Media and Communications Minister Paul Goldsmith. RNZ / Mark Papalii
Media policy is rarely an election-year priority. National-led governments are usually hands-off.
Internal Affairs Minister Brooke Van Velden scrapped a slow-moving, four-year review of media regulation soon after the current government took over in 2023.
Culling the BSA wasn’t in any of the government’s action plans either, but in the last month, Goldsmith had hinted at it.
ACT, which this week claimed the minister’s announcement as a ‘sweet victory’ – was pushing him in that direction.
ACT ran a public petition and drafted a members’ bill to scrap the BSA. An ACT newsletter last month chided the media minister for not falling into line, asking: “Does Paul Goldsmith get paid over $200k just to sit on the fence?”
ACT’s Parmjeet Parmar, chair of the select committee conducting the BSA’s annual review last week, challenged BSA top brass to “justify its existence”.
The Free Speech Union – which said the BSA was censorious – joined in and so did the Taxpayers Union, condemning the $1.7m annual cost to the taxpayer and the cost to broadcasters, which paid levies for the BSA (although only at $250 for every $500,000 of turnover.)
Big-name broadcasters – including those pinged in the past for breaching broadcasting standards – also joined in on the air. Among them, Mike Hosking who said “good riddance” this week.
The issue that catalysed the calls to kill the BSA in recent months was its decision last year to consider a complaint it had received about Sean Plunket describing tikanga as “mumbo jumbo” on his live-streaming outlet, The Platform.
It’s highly unlikely that comment would be upheld as a breach of standards, even if it did offend more than one complainant. The BSA often rules that offence doesn’t override freedom of expression.
Its critics claimed this extended its authority over the internet. Some claimed the BSA would soon come after blogs and podcasts, although the BSA insisted those were not covered by the law that defined its jurisdiction.
Does no BSA mean broadcasting without accountability?
Screenshot
The BSA itself has been among those calling for reform for years.

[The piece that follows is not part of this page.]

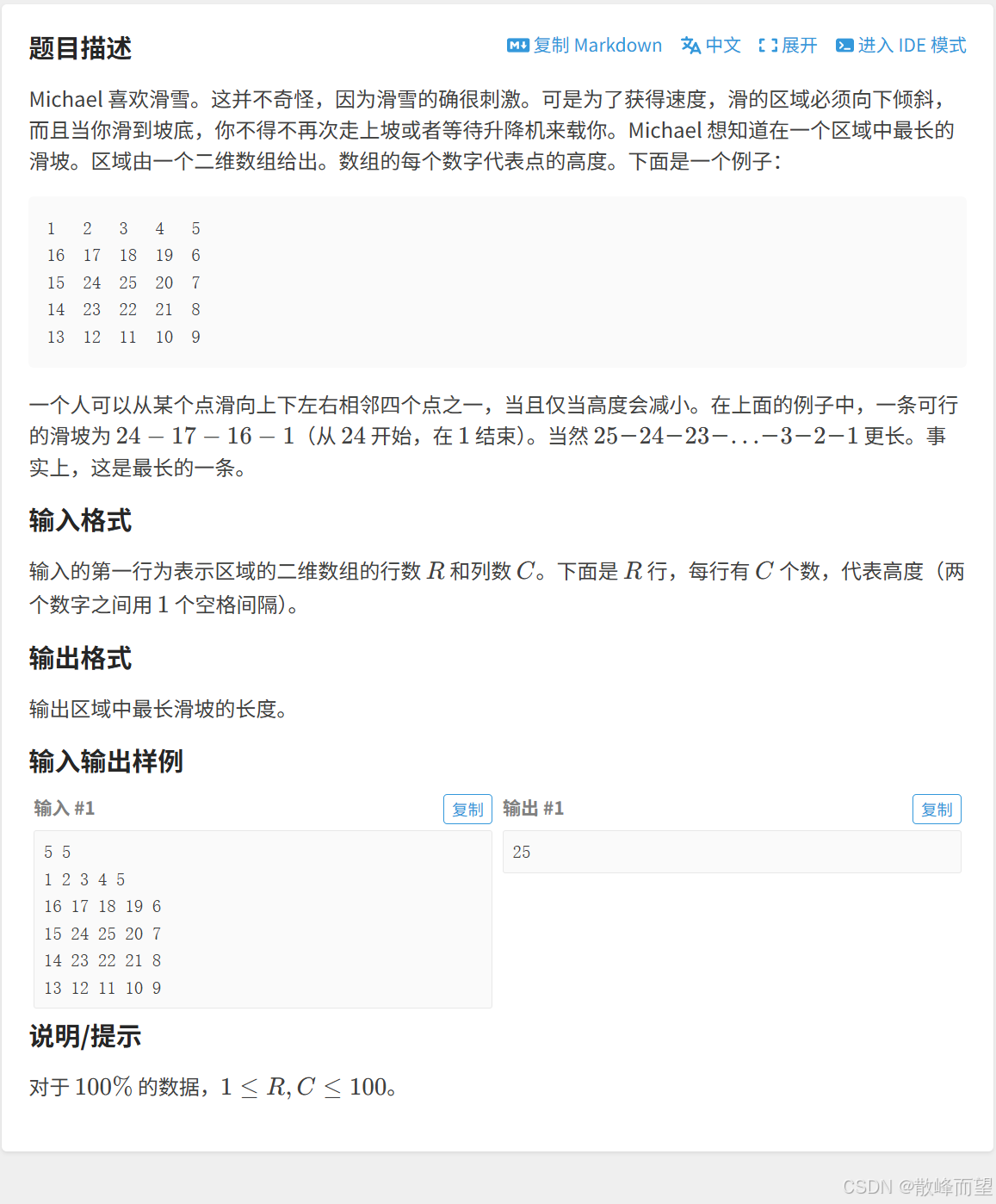 遍历整个矩阵,计算以每一个位置 [i, j] 作为起点时,能够滑行的最远距离。最终,在所有计算结果中取最大值,即为问题的答案。
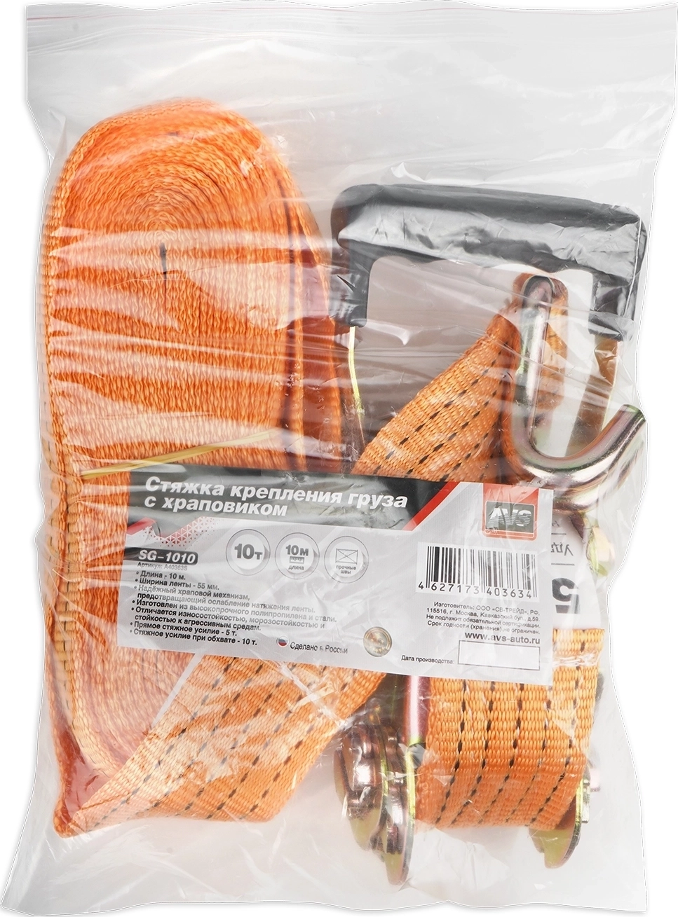 Стяжка крепления груза AVS SG-1010 - длина ремня 10 м, ширина 5,5 см, лента из полипропилена, механизм храповый из стали, тоннажность 10 тонна

Our fractured, pre-internet media regulation system also has the New Zealand Media Council (NZMC) covering non-broadcast news outlets, the Advertising Standards Authority (ASA) and the Classification Office headed by the chief censor.
The BSA is the only one backed with an act of parliament allowing it to financially punish broadcasters and even take them off the air for serious breaches of the standards it applies.
Goldsmith told RNZ broadcasters currently faced more formal oversight than other media – and he preferred the self-regulation of the NZMC.
ACT leader David Seymour agreed.
“In a free society, people form different organisations to achieve together what they can’t achieve alone,” he told journalists last month. “The Media Council is an example of that.
“The BSA is forced on us and the funding of it is forced on people by parliament,”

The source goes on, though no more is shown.